## What is required
Give the lines again exactly, from the one holding "Opdag den perfekte" to the last line of the listing below, both ends included and nothing added.

## Source material
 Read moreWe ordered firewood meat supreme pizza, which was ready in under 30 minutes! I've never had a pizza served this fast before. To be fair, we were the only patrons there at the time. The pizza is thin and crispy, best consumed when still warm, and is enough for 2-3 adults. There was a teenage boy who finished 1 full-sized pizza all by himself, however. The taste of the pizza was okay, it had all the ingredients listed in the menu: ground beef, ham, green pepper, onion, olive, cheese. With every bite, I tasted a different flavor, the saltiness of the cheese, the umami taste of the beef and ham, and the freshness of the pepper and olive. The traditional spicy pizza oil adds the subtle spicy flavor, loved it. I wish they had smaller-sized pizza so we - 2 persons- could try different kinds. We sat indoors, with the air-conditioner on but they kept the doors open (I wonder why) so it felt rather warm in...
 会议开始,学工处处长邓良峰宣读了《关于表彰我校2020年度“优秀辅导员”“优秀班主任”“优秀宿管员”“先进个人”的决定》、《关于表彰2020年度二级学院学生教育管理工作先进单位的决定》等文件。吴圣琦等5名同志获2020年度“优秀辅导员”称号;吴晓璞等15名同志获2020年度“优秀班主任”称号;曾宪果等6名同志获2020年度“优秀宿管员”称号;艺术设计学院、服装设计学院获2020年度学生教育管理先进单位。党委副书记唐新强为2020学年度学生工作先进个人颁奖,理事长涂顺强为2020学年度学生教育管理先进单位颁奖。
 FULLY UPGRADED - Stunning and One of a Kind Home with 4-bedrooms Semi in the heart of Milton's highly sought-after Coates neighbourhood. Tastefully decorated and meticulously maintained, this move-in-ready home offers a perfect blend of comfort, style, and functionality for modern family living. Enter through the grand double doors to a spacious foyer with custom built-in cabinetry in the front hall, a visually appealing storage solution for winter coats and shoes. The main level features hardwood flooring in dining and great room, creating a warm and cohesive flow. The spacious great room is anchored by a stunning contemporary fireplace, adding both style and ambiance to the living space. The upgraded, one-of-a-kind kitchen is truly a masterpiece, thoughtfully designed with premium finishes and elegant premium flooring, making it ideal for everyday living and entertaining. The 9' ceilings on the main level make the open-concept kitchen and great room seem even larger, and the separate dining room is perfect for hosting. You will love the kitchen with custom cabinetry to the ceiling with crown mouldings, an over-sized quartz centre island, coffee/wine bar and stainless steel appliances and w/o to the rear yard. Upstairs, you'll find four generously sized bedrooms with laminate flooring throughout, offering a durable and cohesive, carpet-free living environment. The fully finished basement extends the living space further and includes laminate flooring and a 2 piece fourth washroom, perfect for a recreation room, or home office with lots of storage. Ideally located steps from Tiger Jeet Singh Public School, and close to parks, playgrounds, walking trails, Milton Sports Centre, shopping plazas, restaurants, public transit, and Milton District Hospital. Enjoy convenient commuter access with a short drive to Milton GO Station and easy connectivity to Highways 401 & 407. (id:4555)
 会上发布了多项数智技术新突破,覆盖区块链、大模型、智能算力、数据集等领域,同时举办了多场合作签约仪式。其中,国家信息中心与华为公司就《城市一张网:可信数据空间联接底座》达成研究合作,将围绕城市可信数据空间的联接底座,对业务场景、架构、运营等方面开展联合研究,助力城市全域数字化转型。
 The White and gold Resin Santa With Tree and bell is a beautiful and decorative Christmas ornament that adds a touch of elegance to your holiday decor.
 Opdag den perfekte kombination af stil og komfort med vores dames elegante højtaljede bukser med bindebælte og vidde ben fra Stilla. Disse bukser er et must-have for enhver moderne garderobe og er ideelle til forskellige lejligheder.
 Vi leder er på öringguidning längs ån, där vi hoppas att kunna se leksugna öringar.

## Solution for this exercise
 Opdag den perfekte kombination af stil og komfort med vores dames elegante højtaljede bukser med bindebælte og vidde ben fra Stilla. Disse bukser er et must-have for enhver moderne garderobe og er ideelle til forskellige lejligheder.
 Vi leder er på öringguidning längs ån, där vi hoppas att kunna se leksugna öringar.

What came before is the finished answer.